Aim of the task ▸
What is needed is an exact reproduction of the lines from the one that contains "Ein Eisvogel mit" through the end of the data, both included and nothing else, with pictures omitted.

Items from a dataset
**********
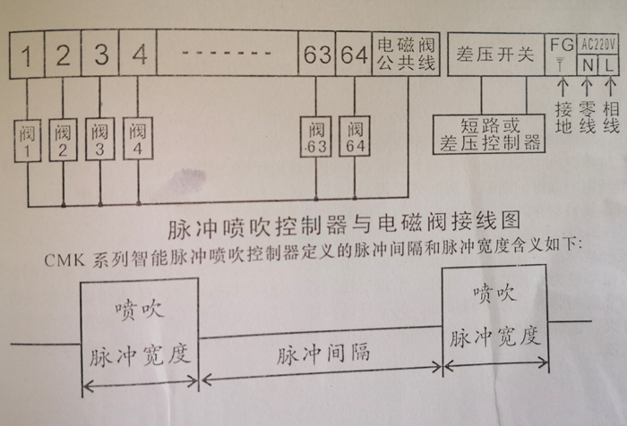 ??打開電源開關(guān), “24VDC”指示燈亮,顯示窗按順序l、2、3…周期性跳變。 ??1、脈沖間隔調(diào)節(jié): (是一個脈沖電磁悶與另一個脈沖電磁閥噴吹相隔時間)按一次《脈沖間隔》鍵,脈沖間隔指示燈亮,顯示窗顯示數(shù)值是脈沖間隔時間,數(shù)值幣付為“秒”,而且二個數(shù)字在閃爍,這時可按《加》鍵或《減》鍵進行調(diào)節(jié)所需間隔時間數(shù)值,調(diào)節(jié)好后再按一次《脈沖間隔》鍵,脈沖間隔指示燈滅,該數(shù)值自夸動存入脈沖控制器,如不按此鍵超過15秒后,也會自動存入脈沖控制器。 ??2、脈沖寬度調(diào)節(jié): (是每個脈沖電磁閥噴氣時間)按一次《脈沖寬度》鍵,脈沖寬度指示燈亮,顯示窗顯示數(shù)值是脈沖寬度時間,數(shù)值單位為幾點幾秒,而且二個數(shù)字在閃爍,這時可按《加》鍵或《減》鍵進行調(diào)節(jié)所需脈沖寬度時間數(shù)值,調(diào)節(jié)妤后再按一次《脈沖寬度》鍵,脈沖寬度指示燈滅,該值自動存入脈沖控制器,如不按此鍵超過15秒后,也會自動存入脈沖控制器。 3、復(fù)吹:如某組濾袋要多次噴吹清袋,按-次《復(fù)吹》鍵,復(fù)吹指示燈亮,此時就進入復(fù)吹狀態(tài),這時按《手進》鍵到某個脈沖電磁閥數(shù)子上,脈沖電磁閥就連續(xù)噴吹清袋,如要退出復(fù)吹狀態(tài),再按一次《復(fù)吹》鍵,復(fù)吹指示燈滅,脈沖控制器就按程序周期性正常工作。 4、手進:每按一次鍵,進程自動前進一步。 五.控制器的維護及故障維修 ??控制器采用高可靠的微機系統(tǒng)及集成電路,因此維護工作量極少。日常維護:應(yīng)避免陽光直射,注意防塵、防潮,盡量避免干擾源及強電磁場環(huán)境。電線應(yīng)保持清潔,注意干燥、確保絕緣,防止電纜線破損、斷裂。 ??如發(fā)現(xiàn)控制器有故障,可切斷電源3-5分鐘,再接通電源讓控制器重新工作。 ??如仍有故障,可按照下而的步驟進仃處理和維修。
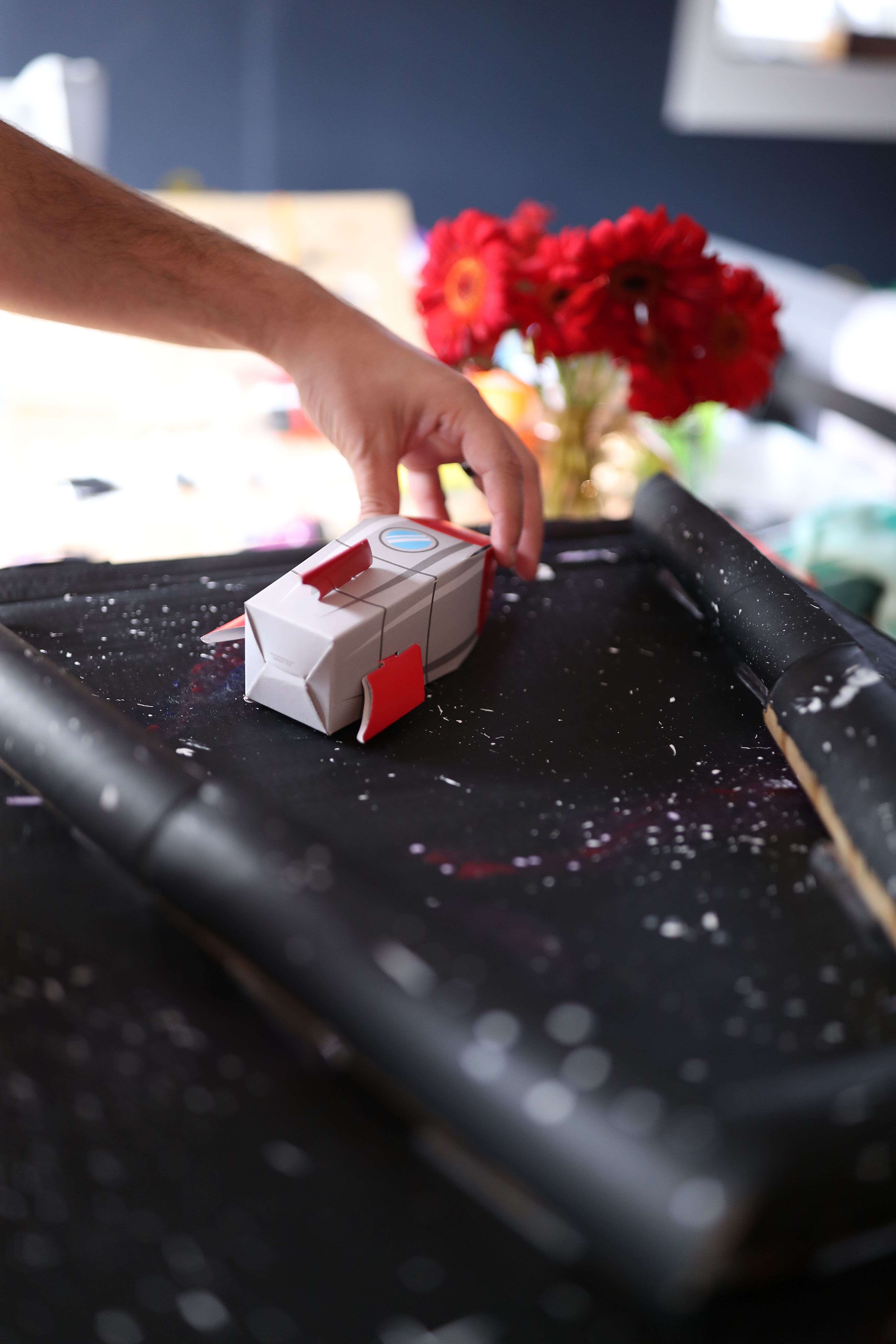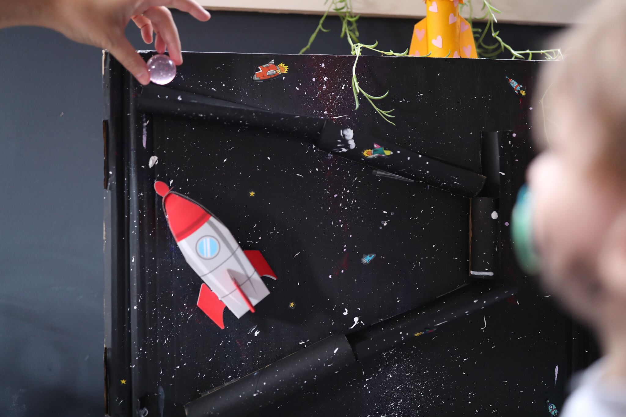 Step 10: Add your stickers and any space-themed objects you have around the house. I had a rocket ship “goodie bag” from a birthday party, so I taped that on for a pop of colour.
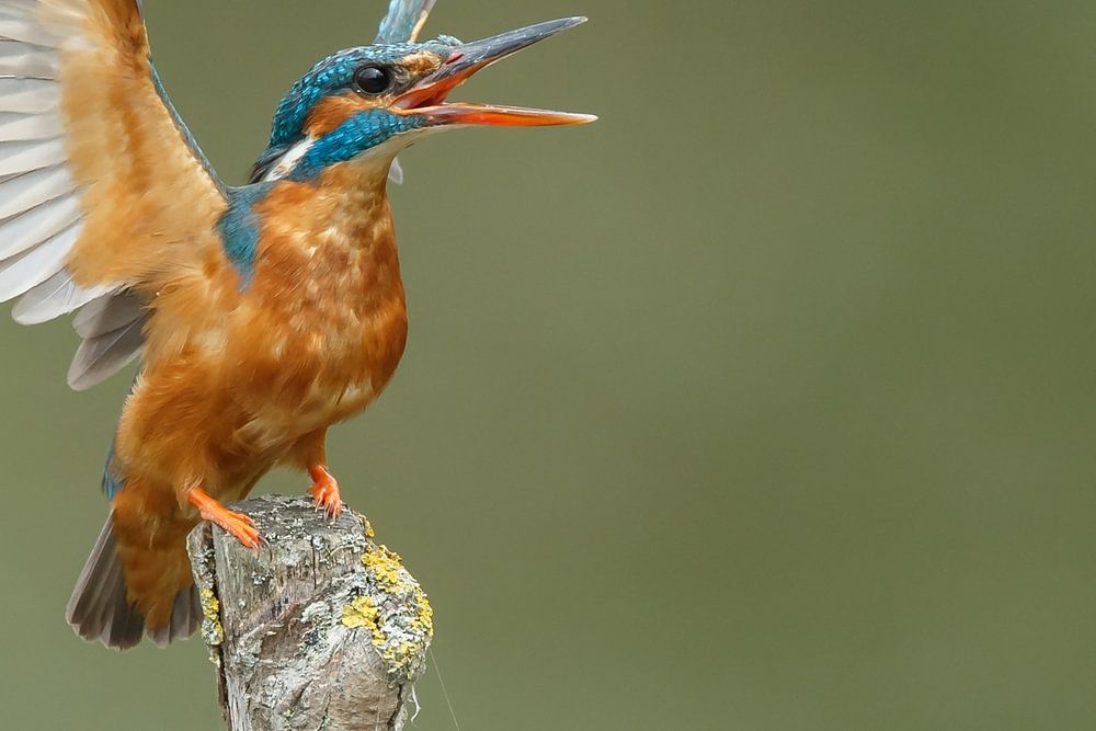 Ein Eisvogel mit voll geöffneten Flügeln und offenem Schnabel auf einem Zweig mit zartgrünem Hintergrund
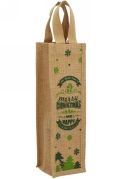 Wijnflestas Merry Christmas groen Jute is een mooie wijnflestas voor het verpakken van uw fles wijn.
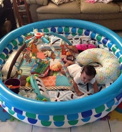 9. С функцией «детский манеж» идеально справится и надувной детский бассейн, причем это обойдется вам в 3-5 раз дешевле. К примеру, на ozon.ru бассейн продается за 590 рублей, а манеж — за 1949.
**********
Answer to this problem ▸
 Ein Eisvogel mit voll geöffneten Flügeln und offenem Schnabel auf einem Zweig mit zartgrünem Hintergrund
 Wijnflestas Merry Christmas groen Jute is een mooie wijnflestas voor het verpakken van uw fles wijn.
 9. С функцией «детский манеж» идеально справится и надувной детский бассейн, причем это обойдется вам в 3-5 раз дешевле. К примеру, на ozon.ru бассейн продается за 590 рублей, а манеж — за 1949.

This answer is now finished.